Lezert cite des verbes qui admettent "en". A titre personnel, je n'emploierais  pas "en" avec la plupart de ces verbes (j'ai pitié de lui" et non pas "j'en ai pitié") mais le choix existe, ce n'est pas le cas avec "changer".


----------



## geostan

J'admets que mon explication laissait à désirer. Disons plutôt que l'identité
de la nouvelle secrétaire n'est pas explicitée, qu'on parle non d'elle mais de sa fonction. Cela explique, je crois, le choix du pronom _en_.

Cela me fait penser à cette comparaison:

Es-tu secrétaire? - Oui, je _le_ suis.
Es-tu la secrétaire de M. Tel?  - Non, je ne _la_ suis pas.


----------



## lune_bleue

[…]

A French teacher told me _en_ replaces a word introduced by _de_ […]. is it right?  in the examples above, I see this is not the only rule for _en_ (as a pronoun). Please clarify this!

_je te parle d'elle / de ce qui m'[est arrivé] le dernier jour_ = je t'en parle. (is the sentence gramatically correct?)

[…]

merci d'avance.


----------



## Tim~!

You can't replace an animate with the pronoun _en_, so this works only in your second example.


----------



## lune_bleue

by _animate_ you refer to a human, or a living thing in general (animal, or whatever). if I talk about a thing (a house, a trip, ....) can I replace it with _en_?

merci d'avance.


----------



## marget

Yes, that's what it means. However, I think that it is possible to use en to replace animate objects. An example might be
"As-tu des amis français ?... Oui, j'en ai plusieurs".

I've even heard from a native speaker "Ils m'en parlent" in which _en_ referred to a specific person.


----------



## choosealoginname

Tim~! said:


> You can't replace an animate with the pronoun _en_, so this works only in your second example.


That's funny, I've been taught that _en_ can replace _de_ + anything.  lune_bleue's examples both seem fine to me.


----------



## Tim~!

LV4-26 said:


> 2a. Je parle de mes parents.
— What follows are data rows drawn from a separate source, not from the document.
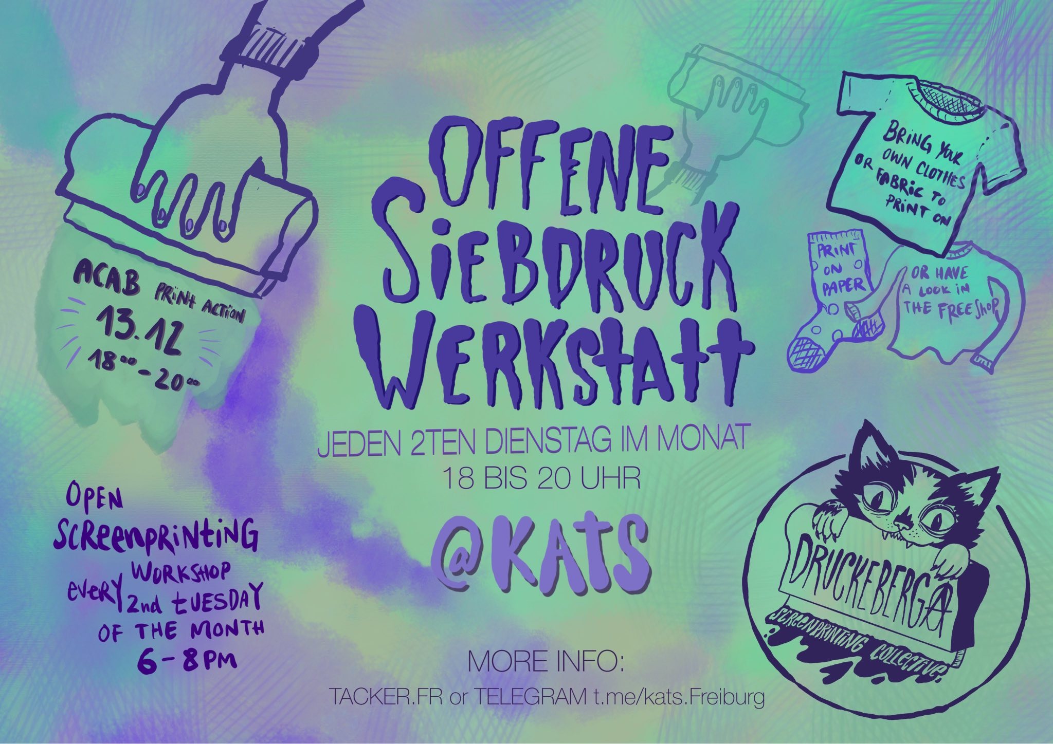 ab dem 13.12. kann jeden zweiten Dienstag im Monat in der Kats gesiebdruckt werden.
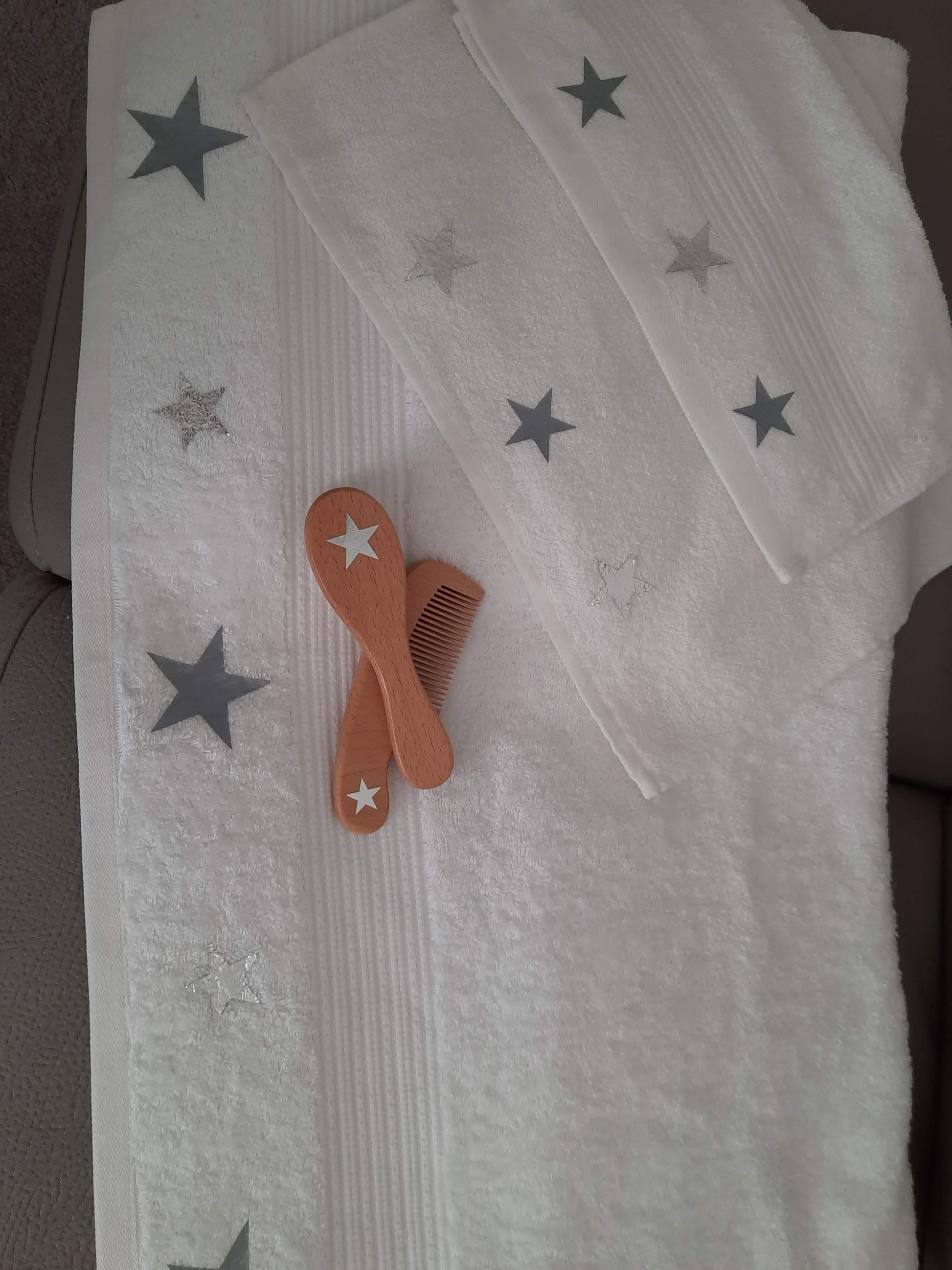 Wooden brush and comb set, personalised with baby name or pictures.
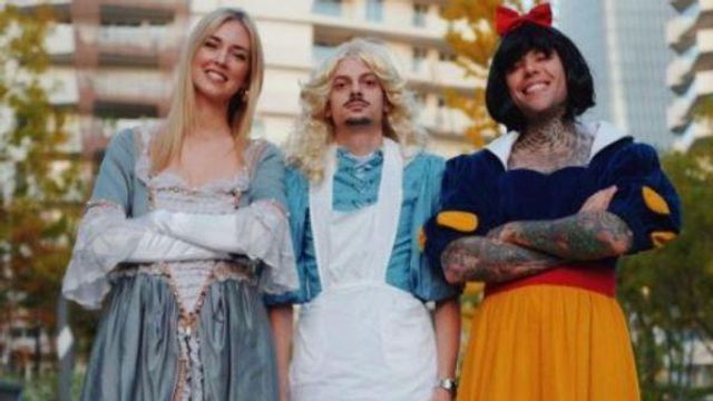 Per la coppia social non può mancare la foto ricordo di Halloween, così anche se in ritardo di un giorno Fedez e Chiara Ferragni si travestono. Il rapper da Biancaneve e la fashion blogger da Cenerentola. Tra loro si intrufola anche l'amico Rovazzi con una folta acconciatura bionda. "Questo sarà il padre di mio figlio", cinguetta Chiara mostrando il rapper di spalle con mutande a vista.
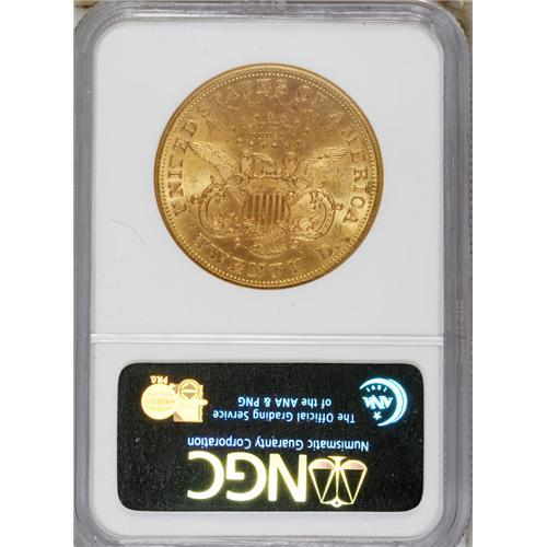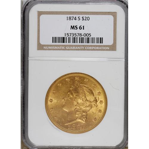 <B>1874-S $20 MS61 NGC.</B></I> A frosty Mint State representative, this piece is finer than most examples of the date. The surfaces are fully brilliant with attractive light yellow surfaces.<BR><BR><b>Shipping:</b> Coins & Currency (<a target="_blank" href="http://www.heritageauctions.com/common/shipping.php">view shipping information</a>)
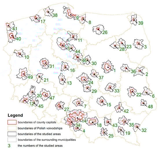 The analyzed areas, including the boundaries of 49 cities and the surrounding municipalities, are presented on a map of Polish voivodships in Figure 4.
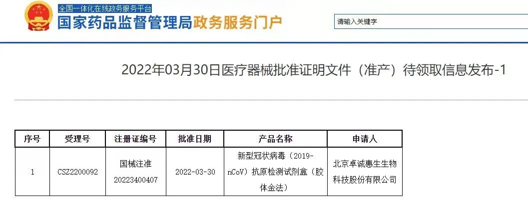 最新:第21家新冠抗原试剂获批!——卓诚惠生

Je parle d'eux
> 2b. Je parle beaucoup de ma nouvelle voiture. J'en parle beaucoup
> […]
> In examples a. the complement is a person (ces gens-là / mes parents)
> In examples b. the complement is an object (l'orage / ma nouvelle voiture)
> 
> With a person, it's best to write _d'eux_ / _de lui _/ _d'elle_
> With an object, it's best to write _en_



So it would appear that I'm not the only person who has this opinion 

[…]


----------



## elbmek

yes!

you only replace a person with _en_ in colloquial situations. […]


----------



## marget

I'm not sure I understand. In my example, "As-tu des amis français? Oui, j'en ai plusieurs", I don't think that the use of "en" is colloquial or informal.

In this thread, LV4-26 states "However, _Je parle de mes parents. J'en parle"_ is acceptable.  I'm not sure if acceptable means grammatically correct, but this usage is recognized by native speakers.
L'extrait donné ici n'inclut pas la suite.